• **WHAT THE TASK ASKS**
Which lines run from the line with "Një grup qytetarësh" through the line with "Estan totalmente equivocados, en" in the entries below? Print them exactly, both ends included, and nothing more.

• **Collected data**
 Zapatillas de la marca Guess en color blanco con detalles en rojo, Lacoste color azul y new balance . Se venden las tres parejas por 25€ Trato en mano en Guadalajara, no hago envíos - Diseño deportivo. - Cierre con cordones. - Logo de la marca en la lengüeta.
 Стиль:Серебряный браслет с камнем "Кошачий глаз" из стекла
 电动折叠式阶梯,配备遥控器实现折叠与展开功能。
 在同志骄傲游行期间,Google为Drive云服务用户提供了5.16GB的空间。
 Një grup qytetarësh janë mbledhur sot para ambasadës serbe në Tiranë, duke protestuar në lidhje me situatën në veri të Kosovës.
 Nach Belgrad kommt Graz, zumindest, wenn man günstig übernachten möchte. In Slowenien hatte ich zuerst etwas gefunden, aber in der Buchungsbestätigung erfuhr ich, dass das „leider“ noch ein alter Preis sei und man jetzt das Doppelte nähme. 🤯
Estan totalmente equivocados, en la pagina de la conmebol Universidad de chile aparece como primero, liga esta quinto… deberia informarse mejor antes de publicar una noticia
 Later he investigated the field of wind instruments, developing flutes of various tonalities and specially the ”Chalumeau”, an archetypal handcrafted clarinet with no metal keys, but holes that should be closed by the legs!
...
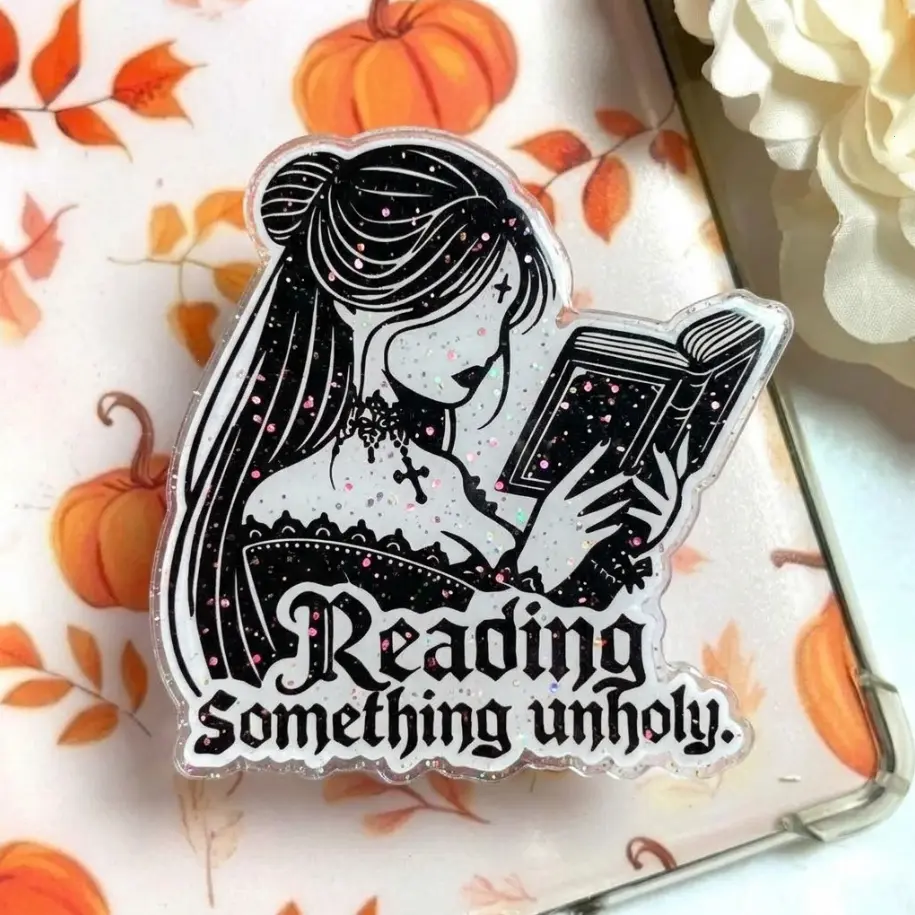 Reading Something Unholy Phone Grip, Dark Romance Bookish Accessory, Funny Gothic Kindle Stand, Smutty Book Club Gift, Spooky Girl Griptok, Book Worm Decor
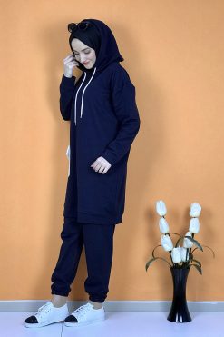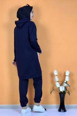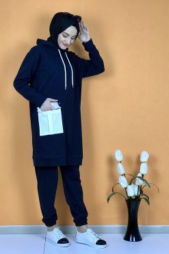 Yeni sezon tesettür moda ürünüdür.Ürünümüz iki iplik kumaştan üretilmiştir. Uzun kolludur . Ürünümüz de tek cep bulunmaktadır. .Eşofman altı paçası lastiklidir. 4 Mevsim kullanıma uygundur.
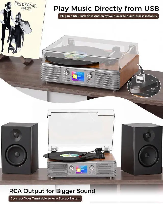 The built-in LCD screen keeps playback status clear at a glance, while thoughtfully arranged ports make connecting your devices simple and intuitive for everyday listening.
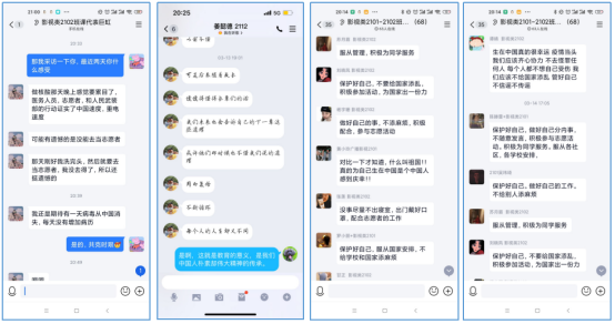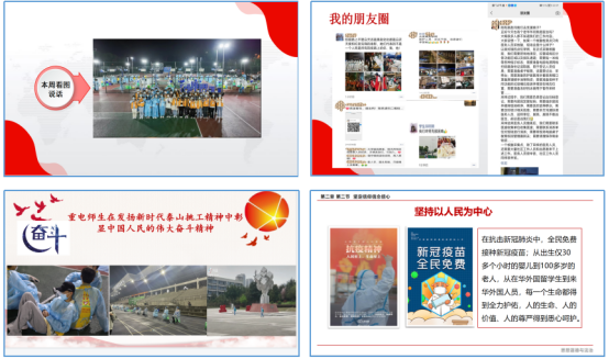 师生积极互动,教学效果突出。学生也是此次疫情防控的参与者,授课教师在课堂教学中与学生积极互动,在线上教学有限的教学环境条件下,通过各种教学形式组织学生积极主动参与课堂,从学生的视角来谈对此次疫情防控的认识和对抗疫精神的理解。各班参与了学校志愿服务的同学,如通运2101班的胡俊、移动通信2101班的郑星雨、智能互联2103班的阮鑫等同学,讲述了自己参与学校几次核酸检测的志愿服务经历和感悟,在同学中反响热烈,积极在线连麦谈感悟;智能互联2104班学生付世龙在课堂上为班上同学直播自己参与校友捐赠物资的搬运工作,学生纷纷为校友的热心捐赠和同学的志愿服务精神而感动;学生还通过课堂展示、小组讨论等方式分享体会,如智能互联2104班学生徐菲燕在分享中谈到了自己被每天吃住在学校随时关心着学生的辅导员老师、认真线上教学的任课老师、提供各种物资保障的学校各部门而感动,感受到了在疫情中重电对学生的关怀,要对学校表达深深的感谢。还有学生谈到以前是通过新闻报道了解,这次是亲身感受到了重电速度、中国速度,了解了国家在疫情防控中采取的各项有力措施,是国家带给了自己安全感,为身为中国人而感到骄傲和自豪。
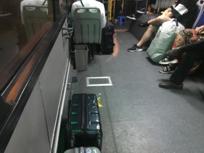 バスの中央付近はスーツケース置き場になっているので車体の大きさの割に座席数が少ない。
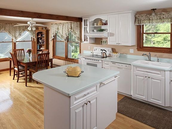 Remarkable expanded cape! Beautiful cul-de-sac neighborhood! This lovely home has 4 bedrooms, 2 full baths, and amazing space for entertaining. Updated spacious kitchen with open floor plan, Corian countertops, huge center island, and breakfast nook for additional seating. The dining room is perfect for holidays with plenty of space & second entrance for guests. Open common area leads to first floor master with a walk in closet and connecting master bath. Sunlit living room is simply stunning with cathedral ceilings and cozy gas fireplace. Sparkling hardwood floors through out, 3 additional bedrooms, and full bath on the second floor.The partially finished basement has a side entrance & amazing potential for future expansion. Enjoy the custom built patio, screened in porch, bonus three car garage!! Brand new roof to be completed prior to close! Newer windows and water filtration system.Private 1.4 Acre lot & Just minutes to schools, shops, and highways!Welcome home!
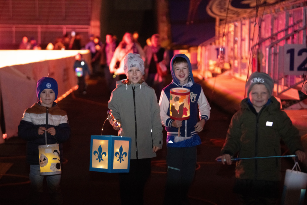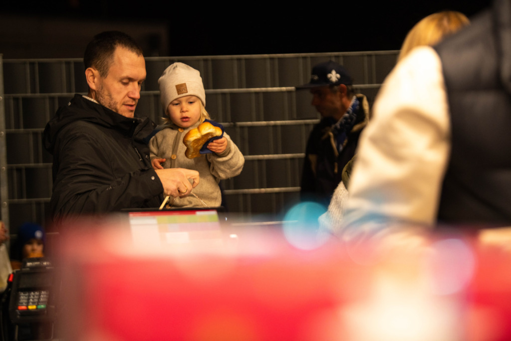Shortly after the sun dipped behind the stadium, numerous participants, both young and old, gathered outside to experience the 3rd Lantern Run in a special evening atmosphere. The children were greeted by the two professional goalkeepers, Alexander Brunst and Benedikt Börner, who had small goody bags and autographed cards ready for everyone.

• **EXERCISE ANSWER**
 Një grup qytetarësh janë mbledhur sot para ambasadës serbe në Tiranë, duke protestuar në lidhje me situatën në veri të Kosovës.
 Nach Belgrad kommt Graz, zumindest, wenn man günstig übernachten möchte. In Slowenien hatte ich zuerst etwas gefunden, aber in der Buchungsbestätigung erfuhr ich, dass das „leider“ noch ein alter Preis sei und man jetzt das Doppelte nähme. 🤯
Estan totalmente equivocados, en la pagina de la conmebol Universidad de chile aparece como primero, liga esta quinto… deberia informarse mejor antes de publicar una noticia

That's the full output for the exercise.